The humanity on display in the photos, even the pictures of objects, is breathtaking at times, and I find myself trying to keep standing. It’s a glimpse into everyday life, a photo-journalism master class, that captures an era in square photographs. Each photo seems to say as much about the artist as it does the person depicted – an achievement few can claim and what separates people like Maier from the rest of us camera phone schlubs.
At the Photo Center, they play a 50 minute documentary about Maier, wherein visitors can learn more about this artist. Here are the broad strokes:
Vivian Maier, born 1926, died 2009. She grew up in France and America, and for much of the 1950s-1970s worked as a nanny. She took picture after picture, not even developing many of them, hardly ever showing them to anyone. But she kept the photos with her. In one attic where she lived while working for a family, the weight of these photos threatened the stability of the floor.
She spent all her earnings on film, equipment and storage. She was cagey with others about her personal life, rarely ever divulging her history. None of her work beyond the 1980s seems to have survived.
Near the end of her life, she was nearly homeless. Her former charges helped with her lodging. In 2008, she slipped and fell on some ice and never recovered. It was her lapsed payments for storage that led to the contents being auctioned off in 2007. A real estate agent named John Maloof ended up with many of the negatives. He now owns more than 90 percent of the works. Most of the rest, including the pictures in this exhibit, are owned by Jeffrey Goldstein, a Chicago art collector.
This is where my moral compass starts to go haywire and where things get sketchy. Hold on.
The film, “The Vivian Maier Mystery,” is one of several documentaries that have already sprouted up about her – a testament to the pull of the Vivian Maier story. One of the talking heads in the film, Joel Meyerowitz, noted the problems inherent with the whole Vivian Maier narrative. He said with a couple people controlling and editing her work before anyone else sees it, we are not getting the whole story. The more I think about it, the more I agree. The people in control of her work have a lot to lose or gain from the carefully crafted narrative they have assembled. Hence the books and movies they are assembling.
Here is someone who led a solitary life even though she worked with children. Even before she was dead, she lost her life’s work because she fell behind on her storage bills. Now one person controls 90 percent of that work, with the rest divided between just a few others.
My problem is it all feels a bit too vulture-ish. Picking the carcass before it’s even cold. I don’t think my hackles would be raised if the proceeds from the work went to a next of kin (she has none) or charities that helped undiscovered photographers or something Maier would have approved. It’s hard not to speculate that she had some psychological issues, what with the antisocial behavior, the hoarding, the being and artist in general. Near as I can tell though, any value in raising her profile in the art world is going directly to a few pockets. Even getting web-quality copies to run with this article has been tougher than any other exhibit I’ve reviewed. (I got the selections here off the web, but all were at this show. You can easily lose yourself for some time in a Google image search for Vivian Maier.)

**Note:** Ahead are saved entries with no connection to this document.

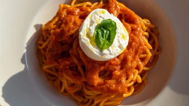Al sugo di pomodoro e basilico con burrata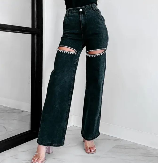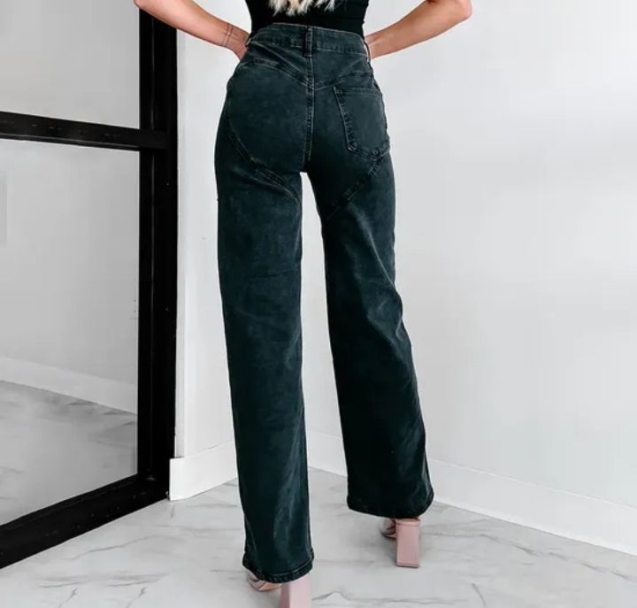 Best Selling Black Denim Wide-Leg Pants Fashion-Forward Chic Appeal with Mid-Waist Knitted Weaving Method Wholesale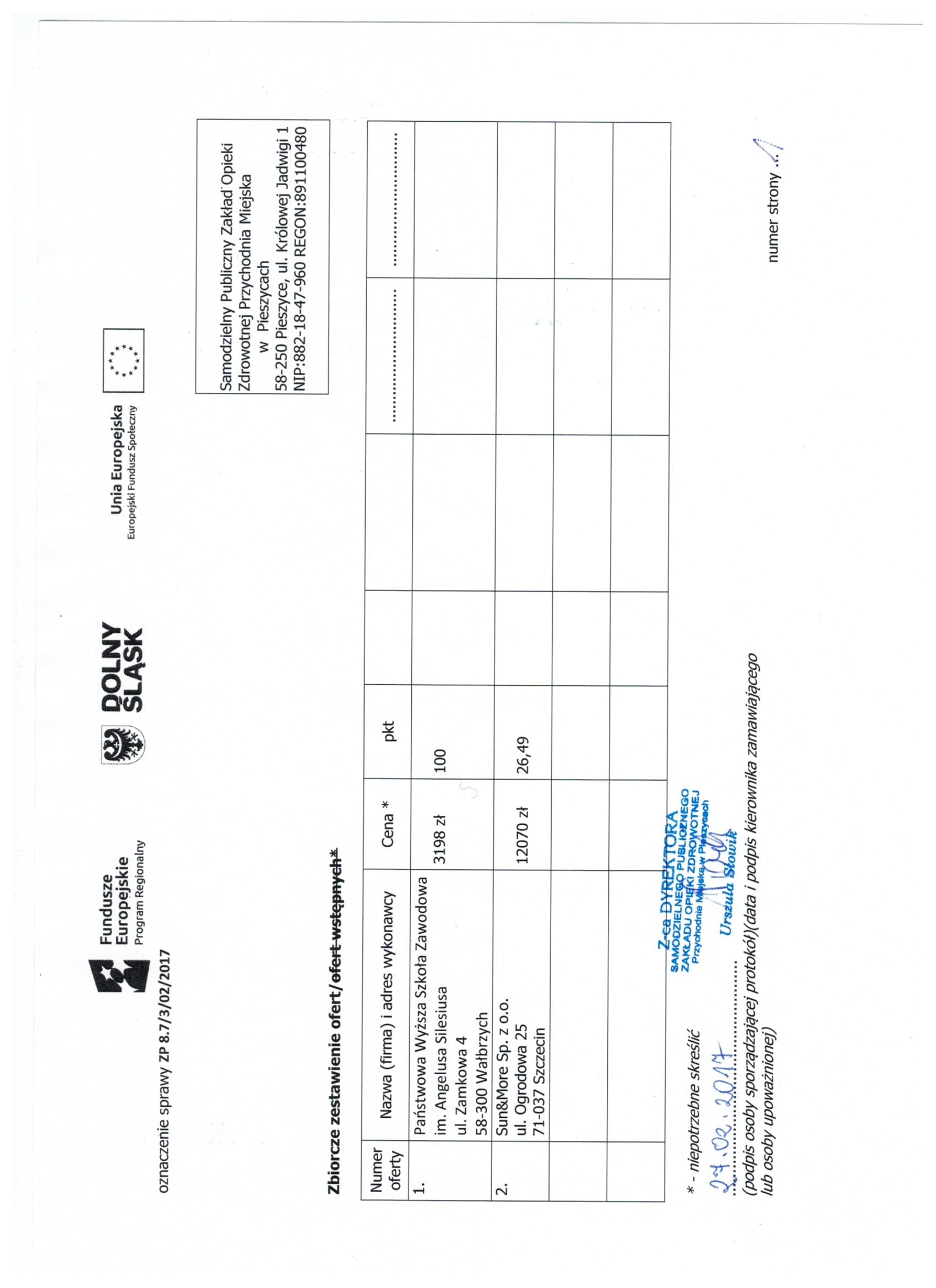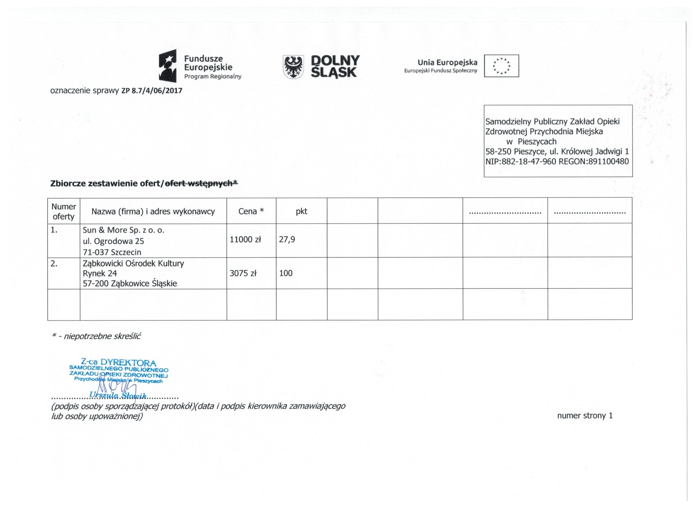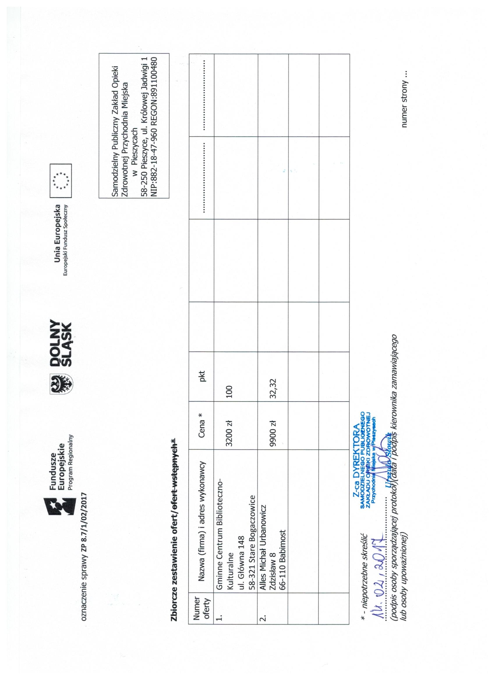 17.Wykonanie materiałów informacyjnych i promocyjnych dla projektu: Rozbudowa i nadbudowa Przychodni Miejskiej w Pieszycach (etap IV) na potrzeby opieki koordynowanej w POZ i AOS, ich produkcja oraz dostarczenie do siedziby Zamawiającego. Zał. nr 2 "Wzór fomularz oferty"- Informacja o udzieleniu zamówienia.

The fact that this narrative just fits in too easily with the romantic mythology of the undiscovered artist, unappreciated until after he or she is gone, is too hard to ignore. It’s so easy to fall in love with the story of Vivian Maier, to feel akin with her, because who doesn’t feel unappreciated and undiscovered? We all feel like Salieri in the face of a Mozart at times in our lives. And since she never married or had children, it’s much more easy, convenient even, to capitalize on her story and legacy. It’s noble to want to spread her work to new audiences, but the relative monopoly of her work makes the motives too suspect to dismiss.
And suddenly I realize why I’m tearing up after 12 feet of photographs. The beauty of the photos of ordinary, every day people just trying to get through life, combines with the tragedy of exploiting one of those very people and making lots of money off her photographs.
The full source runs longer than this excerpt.